- Moongiltholuvu Location in Tamil Nadu, India Moongiltholuvu Moongiltholuvu (India)
- Coordinates: 10°45′50″N 77°12′47″E﻿ / ﻿10.76400°N 77.21294°E
- Country: India
- State: Tamil Nadu
- District: Tirupur

Population (2005)
- • Total: 3,030

Languages
- • Official: Tamil
- Time zone: UTC+5:30 (IST)
- PIN: 642 202
- Telephone code: 011 91 4252

= Moongiltholuvu =

Moongiltholuvu is a village and Village Panchayat (Includes Mannampalayam and Sikkanoothu and few other small settlements as part of its territory) in Udumalpet Taluk, Tirupur District (Formerly in Coimbatore District), Tamil Nadu, India.

Moongiltholuvu gets its name from once abundant presence of bamboo in this area, though at present there is rare places we can find bamboo in this village.

==Demographics==
The total population of Moongiltholuvu is 3,030 (Male - 1,520 Female -1,510).

==Schools==
Moongiltholuvu has Panchayat Union Middle School.

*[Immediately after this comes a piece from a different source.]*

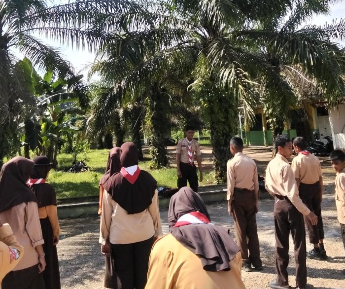 Talang Duku - Anggota ekstrakurikuler Pramuka MTsN 1 Muaro Jambi kembali melaksanakan latihan rutin yang digelar setiap hari Jumat di halaman sekolah. Pada latihan kali ini, materi yang diberikan adalah Latihan Ketangkasan Baris-Berbaris (LKBB). Para peserta tampak antusias mengikuti berbagai latihan dasar kepramukaan yang dipandu oleh pelatih Neti Herawati dan Idris Marzuki.
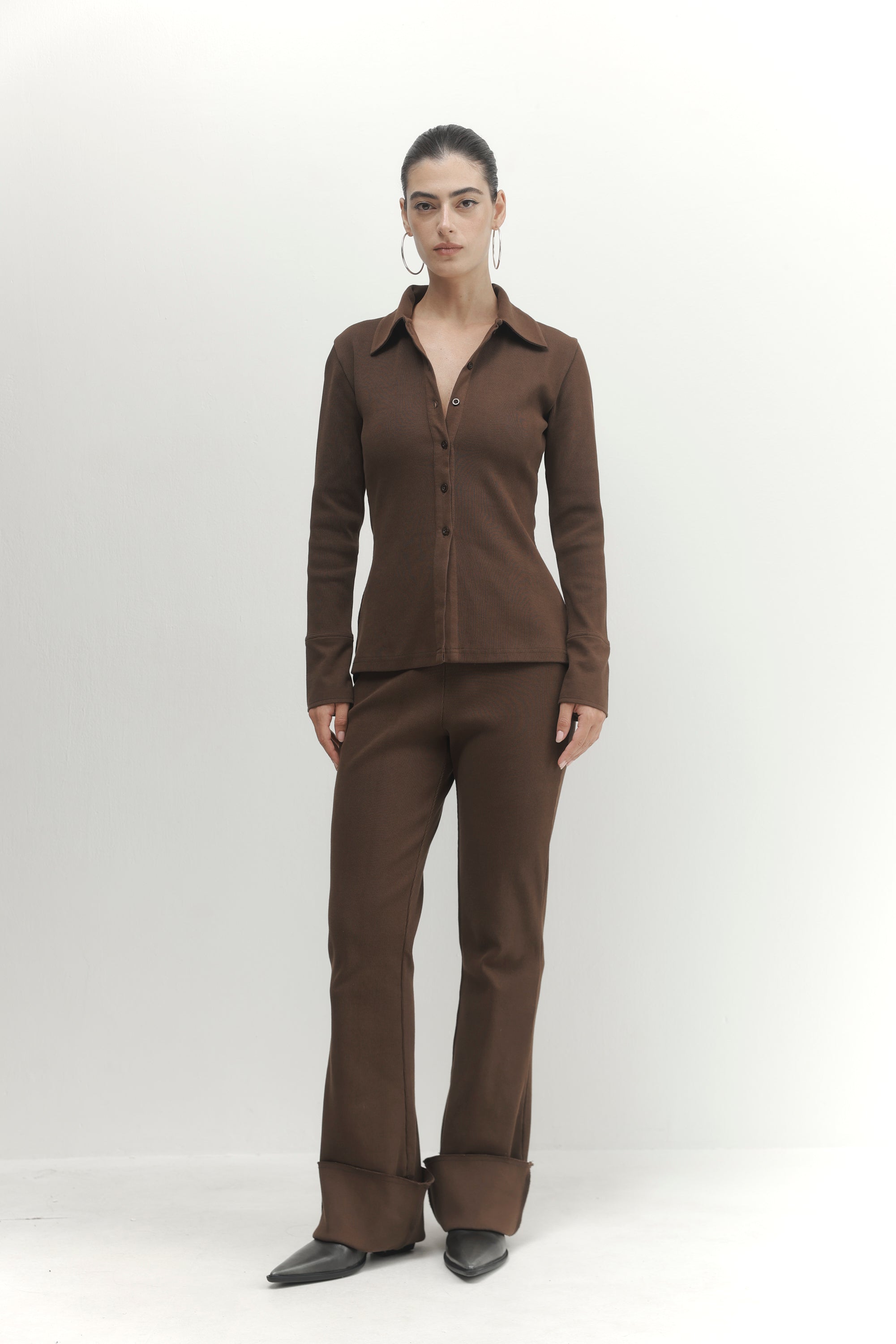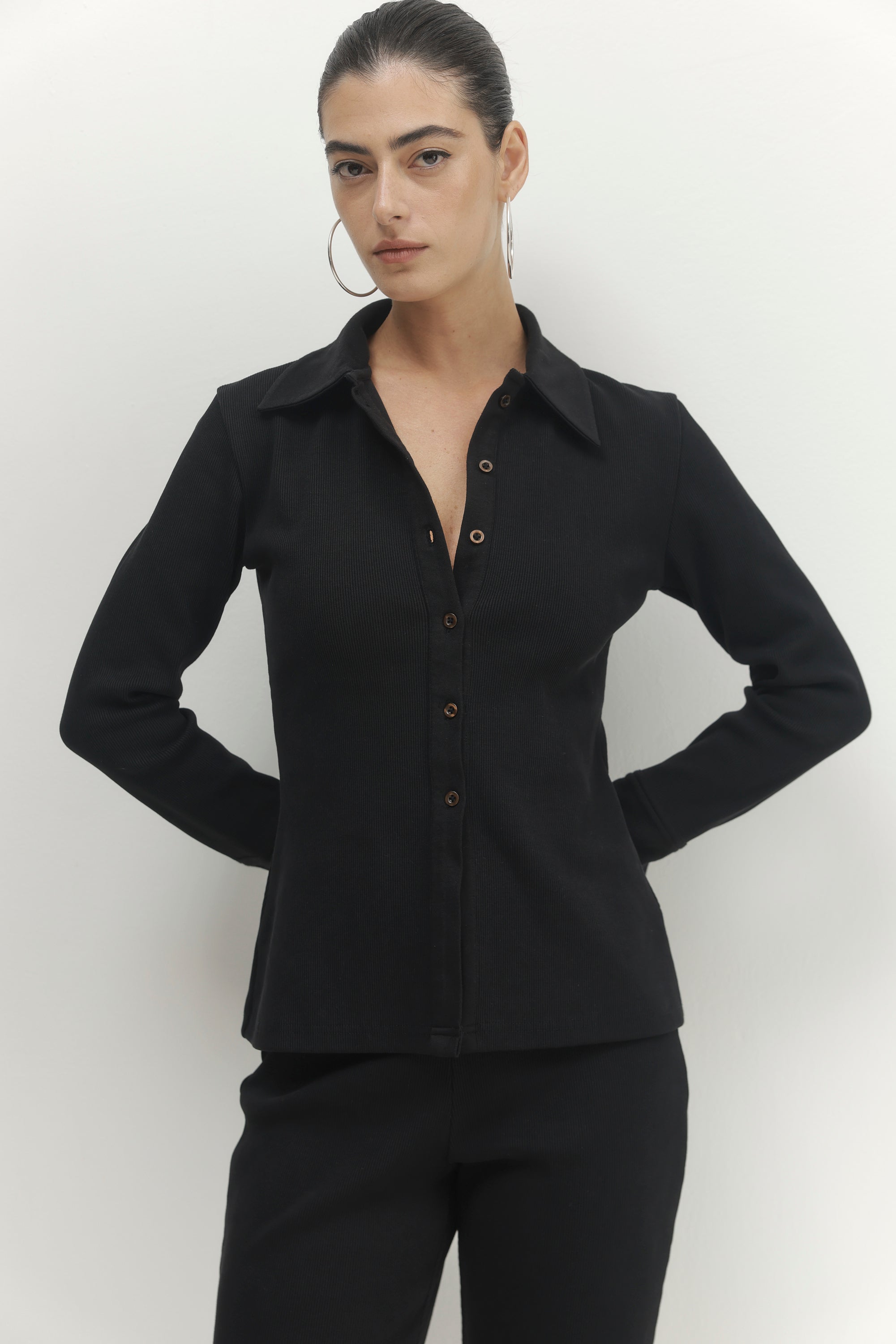 חולצה מכופתרת מבד ריב עבה ואיכותי, עם שרוולים ארוכים ודיטייל אלגנטי בחפתים- מומלץ לשלב עם המכנסיים התואמים.

Link to Tamil Nadu government details on the school: School Link to Tamilnadu government

==Occupation==
The main occupation is agriculture. The sources of irrigation are wells, bore wells and canal water from Thirumoorthy hills - (Thirumoorthy Dam). There are few small ponds, water sources to them are not properly maintained and are mostly dry. Due to scarce rainfall and improper water management, the water table is too deep and posing a great challenge.

One of the ponds in Moongiltholuvu village

==Temples==
There are number of Ganesh temples including one Sakthi Vinayagar temple, one Mariyamman temple, one Kariyakaliamman temple, one Perumal temple, one Ramar temple and several others.

==Shopping==
There are number of general provision shops, many tea shops, one bakery and there are two fertilizer shops. At times whole sale vegetable markets will be set up to procure local produce. There is a Tamil Nadu government run civil supplies shop in Moongiltholuvu.

==Nearby tourist attractions==
Moongiltholuvu is 45.4 km from Amaravathinagar and 43.4 km from Thirumoorthy hills - both are nice tourist spots.

Ooty - 130 km Kodaikanal 122 km and Valparai - 99.4 km are the nearby hill stations.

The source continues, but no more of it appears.